Optimization – Definition of a First Order Method

non-convex-optimizationnonlinear optimizationnumerical optimizationoptimization

The term "first order method" is often used to categorize a numerical optimization method for say constrained minimization, and similarly for a "second order method".

I wonder what is the exact definition of a first (or second) order method.

Does this term related to the convergence rate of the method or to the fact that one utilize explicitly first (or second) derivatives of the function to be minimized?

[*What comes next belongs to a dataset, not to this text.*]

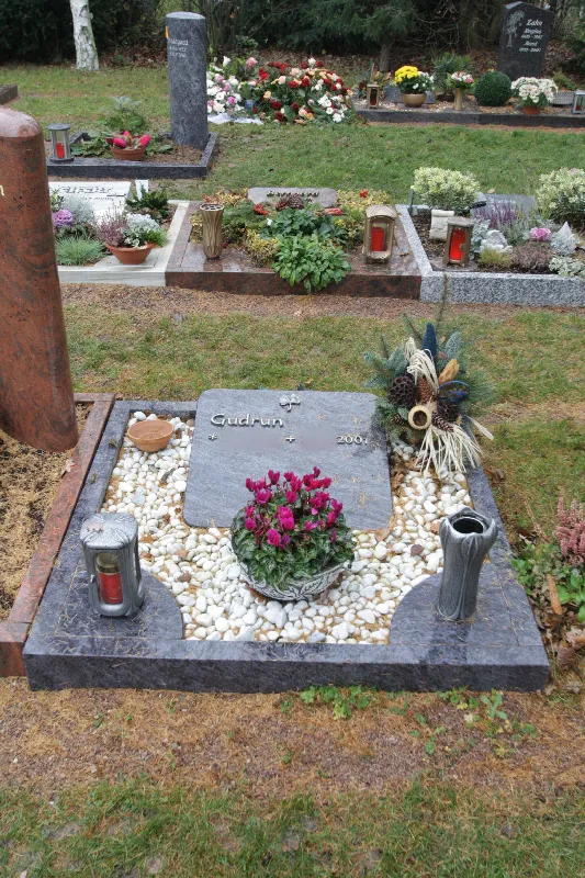 In unserer großen Galerie mit Referenzfotos finden Sie zahlreiche Ideen. Sie zeigt Beispiele für Urnengräber in unterschiedlichen Materialien, Formen und Größen – von schlichten Rasengräbern bis hin zu kunstvoll dekorierten Familiengrabstätten.

More particularly, Newton is considered second order method. It uses the second order derivatives (Hessian) and has quadratic convergence rate. But what if for example the energy is not convex? In this case the Hessian has to be modified to be (symmetric) positive definite. In such a case, the second order derivatives are used but it's not clear what exactly the convergence rate is. It can be linear depending on the actual modification of the Hessian.
So is that a second order or first order method?

Best Answer

Difference between 1st and 2nd order algorithm:

Any algorithm that requires at least one first-derivative/gradient is a first order algorithm. In the case of a finite sum optimization problem, you may use only the gradient of a single sample, but this is still first order because you need at least one gradient.

A second order algorithm is any algorithm that uses any second derivative, in the scalar case. To elaborate, Newton's step requires use of the Hessian which has second order derivatives i.e. $H_{i,j} = \partial_i \partial_j f(x)$.

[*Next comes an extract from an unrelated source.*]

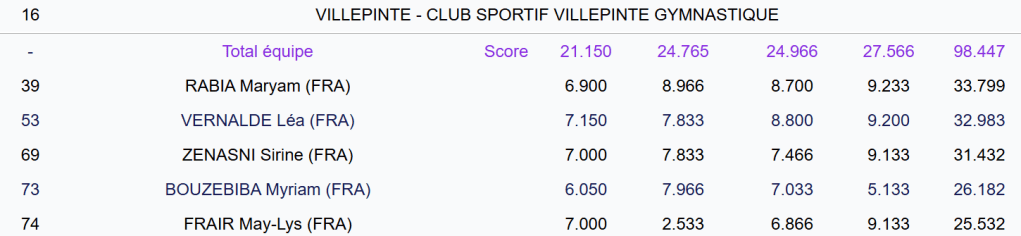 Equipe Fédérale B : 10-13 ans Maryam, Léa, Sirine, Myriam, May-Lys Départementale 1 16 sur 17 Départementale 2 16 sur 17 Finale Départementale 2 sur 5

In general, an algorithm can be classified as $n^{th}$ order optimization if it uses a tensor of rank $n$.

Important Distinguishment:

When an algorithm uses an approximated version of the second order information (Hessian) for optimization, it may or may not be a second order algorithm. I am emphasizing this because, for example, you may approximate the Hessian by the outer product of the gradient $H = \nabla f(x) \nabla f(x)^T$. In this case you are only using first order information, so this would be considered a first order algorithm. On the other hand, if you are approximating the Hessian by only computing the diagonal elements $\partial_i \partial_i f(x)$, this would be a second order algorithm.

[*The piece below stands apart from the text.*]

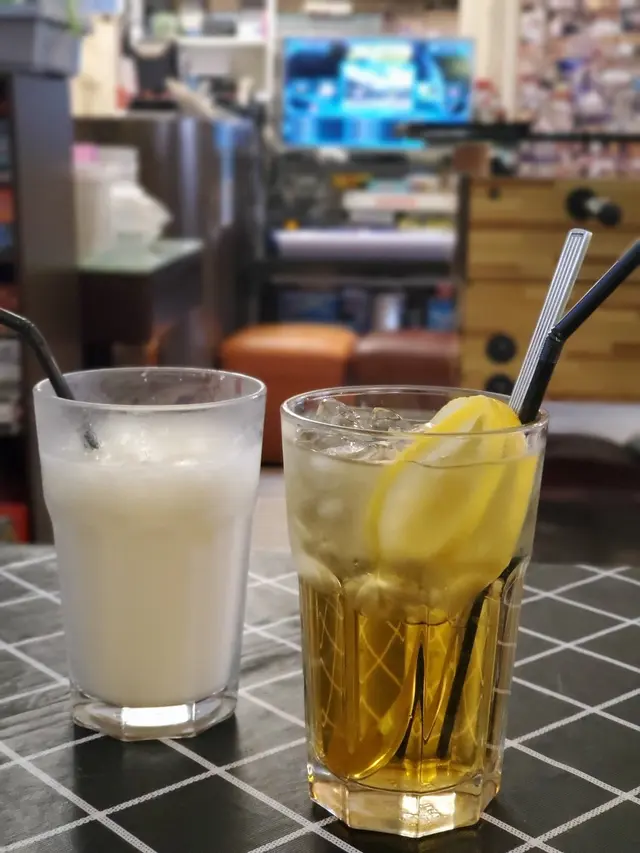 最後叫埋兩杯凍飲杏霜和檸檬綠茶潤下喉

The order of an algorithm can be thought to be the order of error resulting from approximation of the derivative. Recall the definition of a derivative: $$\partial_i f(x) \approx \frac{f(x + \epsilon \Delta x_i) - f(x)}{\epsilon}$$

and the second derivative: $$\partial_{ij} f(x) \approx \frac{\partial_j f(x + \epsilon \Delta x_i) - \partial_j f(x)}{\epsilon},$$

where $x_i$ is equal to $x$ only in the $i^{th}$ coordinate and $0$ elsewhere. Hence if you use an $\epsilon$ approximation for each derivative computation, you will get an $\epsilon^2$ error inherently in your optimization algorithm.

Because it is sort of included in your question, I would like to add that first order algorithms do not necessarily converge linearly. Stochastic Gradient Descent (SGD) converges sub-linearly and many second order algorithms do not converge quadratically.